» What is required
In the data below, begin at the line with "Melifluo , 2015" and stop after the line with "Alumina Custom Parts"; output those lines exactly and no pictures.

» Source data
------------------------------------
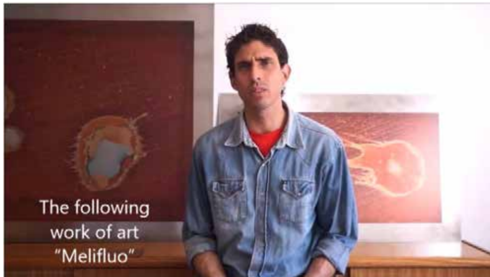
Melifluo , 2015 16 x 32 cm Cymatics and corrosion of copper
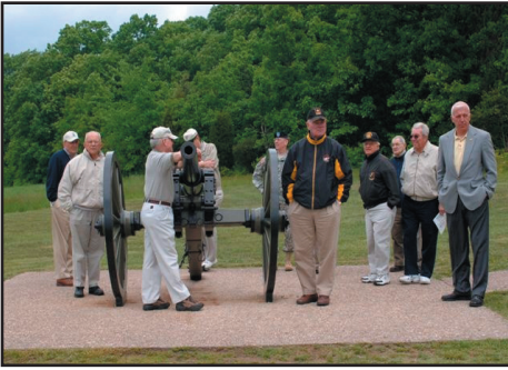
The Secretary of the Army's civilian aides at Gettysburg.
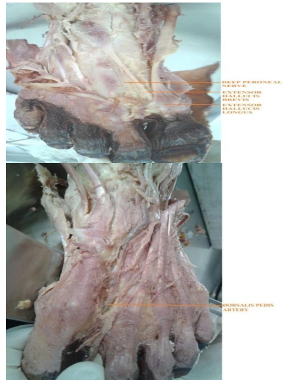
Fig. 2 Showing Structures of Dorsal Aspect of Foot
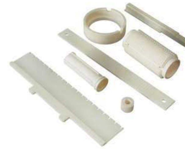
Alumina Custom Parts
------------------------------------
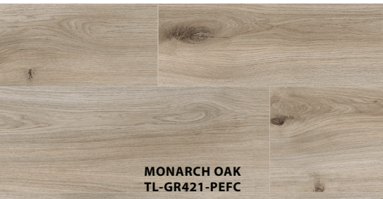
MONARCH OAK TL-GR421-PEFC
------------------------------------
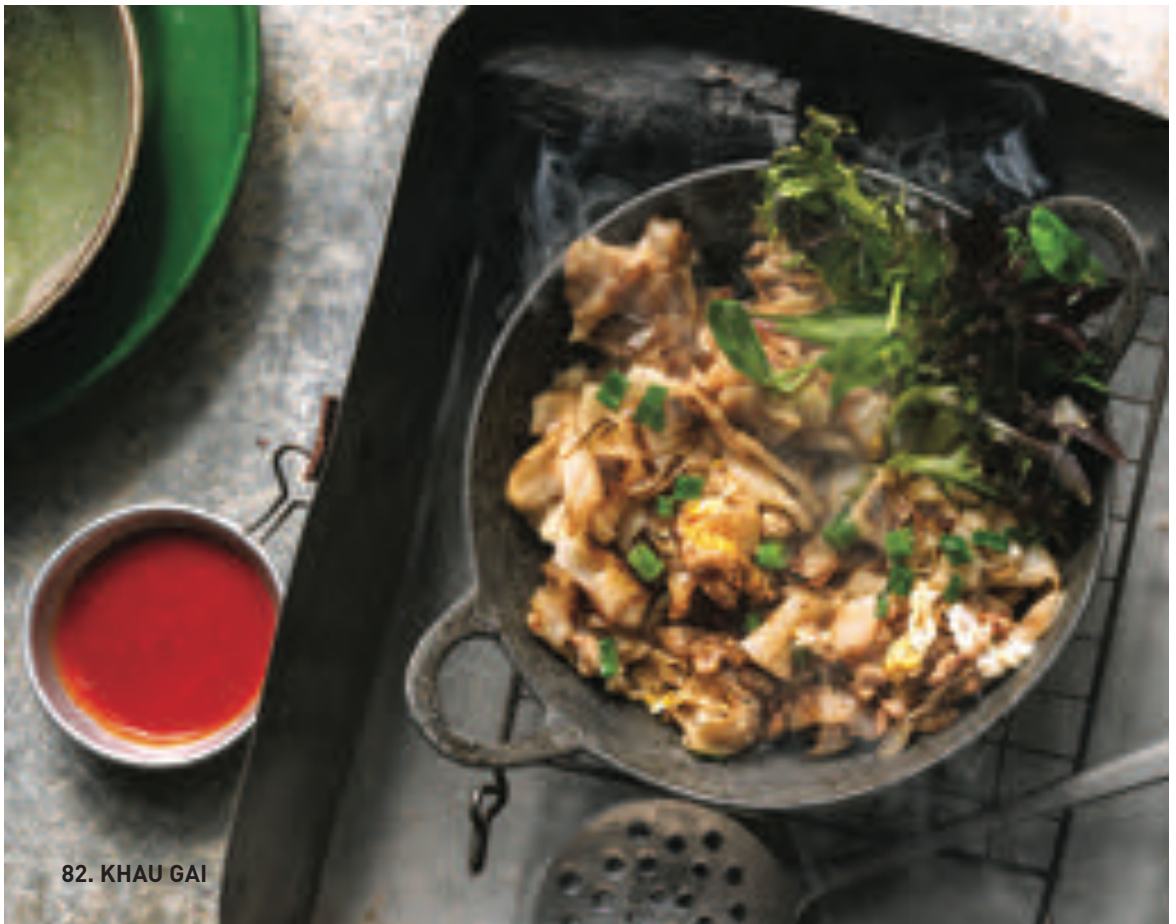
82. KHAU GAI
------------------------------------
» Task answer
Melifluo , 2015 16 x 32 cm Cymatics and corrosion of copper
The Secretary of the Army's civilian aides at Gettysburg.
Fig. 2 Showing Structures of Dorsal Aspect of Foot
Alumina Custom Parts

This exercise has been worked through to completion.